Data to process section start

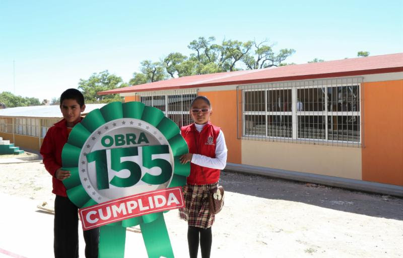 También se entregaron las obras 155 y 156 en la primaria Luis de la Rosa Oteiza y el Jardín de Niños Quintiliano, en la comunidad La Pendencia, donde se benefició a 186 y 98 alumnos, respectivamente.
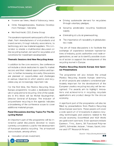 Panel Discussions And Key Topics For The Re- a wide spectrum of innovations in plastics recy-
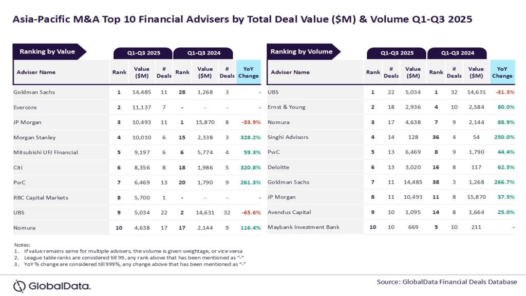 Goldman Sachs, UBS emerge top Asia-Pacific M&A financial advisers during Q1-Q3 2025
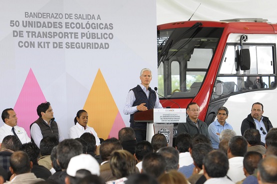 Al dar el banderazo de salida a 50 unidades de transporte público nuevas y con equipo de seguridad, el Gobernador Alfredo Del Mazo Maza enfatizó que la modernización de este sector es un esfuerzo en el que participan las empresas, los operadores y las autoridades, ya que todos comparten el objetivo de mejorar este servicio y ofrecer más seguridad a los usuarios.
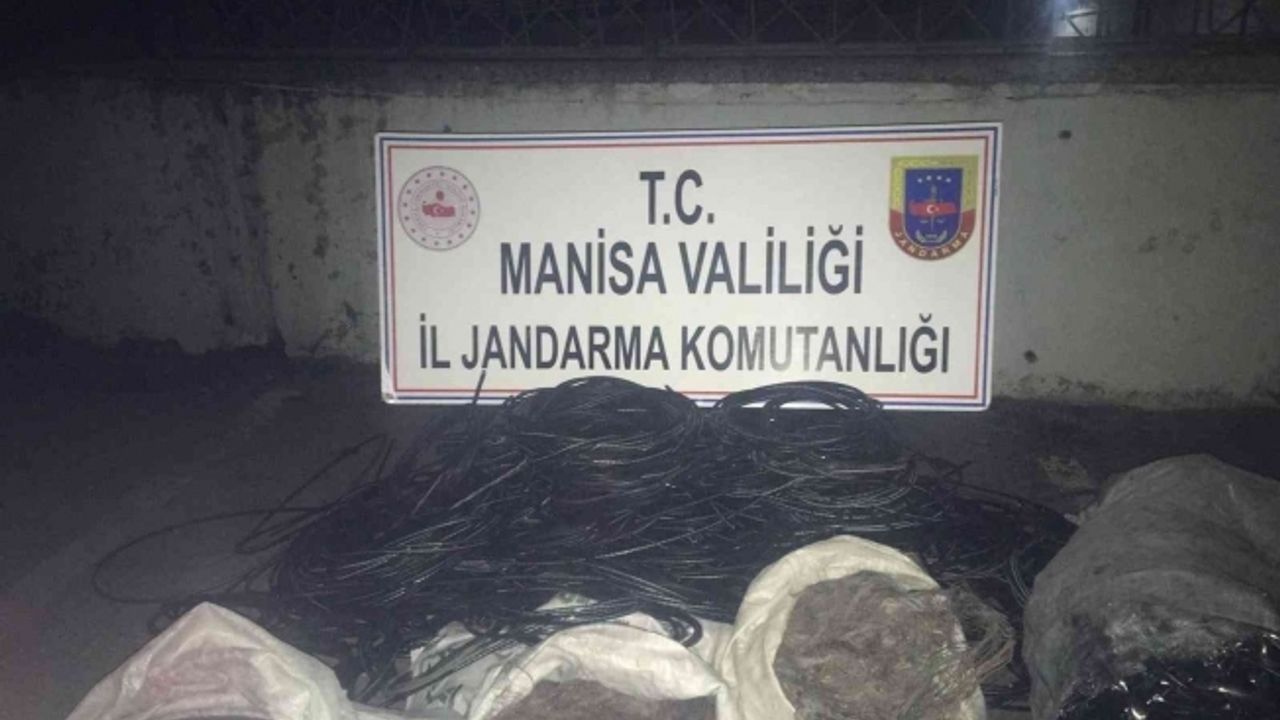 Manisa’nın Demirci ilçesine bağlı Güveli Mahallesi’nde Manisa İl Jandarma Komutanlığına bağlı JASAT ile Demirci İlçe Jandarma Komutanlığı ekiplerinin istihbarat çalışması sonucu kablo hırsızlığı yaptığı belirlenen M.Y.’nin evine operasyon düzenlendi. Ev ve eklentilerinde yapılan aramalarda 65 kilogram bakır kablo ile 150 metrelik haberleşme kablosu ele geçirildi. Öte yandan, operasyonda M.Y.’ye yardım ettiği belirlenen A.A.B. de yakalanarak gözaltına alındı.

Data to process section end

What this task involves
Retype, word for word, the lines from the one with "Goldman Sachs, UBS" through the last line of the entries above, and only those lines. Leave pictures out.

Response
 Goldman Sachs, UBS emerge top Asia-Pacific M&A financial advisers during Q1-Q3 2025
 Al dar el banderazo de salida a 50 unidades de transporte público nuevas y con equipo de seguridad, el Gobernador Alfredo Del Mazo Maza enfatizó que la modernización de este sector es un esfuerzo en el que participan las empresas, los operadores y las autoridades, ya que todos comparten el objetivo de mejorar este servicio y ofrecer más seguridad a los usuarios.
 Manisa’nın Demirci ilçesine bağlı Güveli Mahallesi’nde Manisa İl Jandarma Komutanlığına bağlı JASAT ile Demirci İlçe Jandarma Komutanlığı ekiplerinin istihbarat çalışması sonucu kablo hırsızlığı yaptığı belirlenen M.Y.’nin evine operasyon düzenlendi. Ev ve eklentilerinde yapılan aramalarda 65 kilogram bakır kablo ile 150 metrelik haberleşme kablosu ele geçirildi. Öte yandan, operasyonda M.Y.’ye yardım ettiği belirlenen A.A.B. de yakalanarak gözaltına alındı.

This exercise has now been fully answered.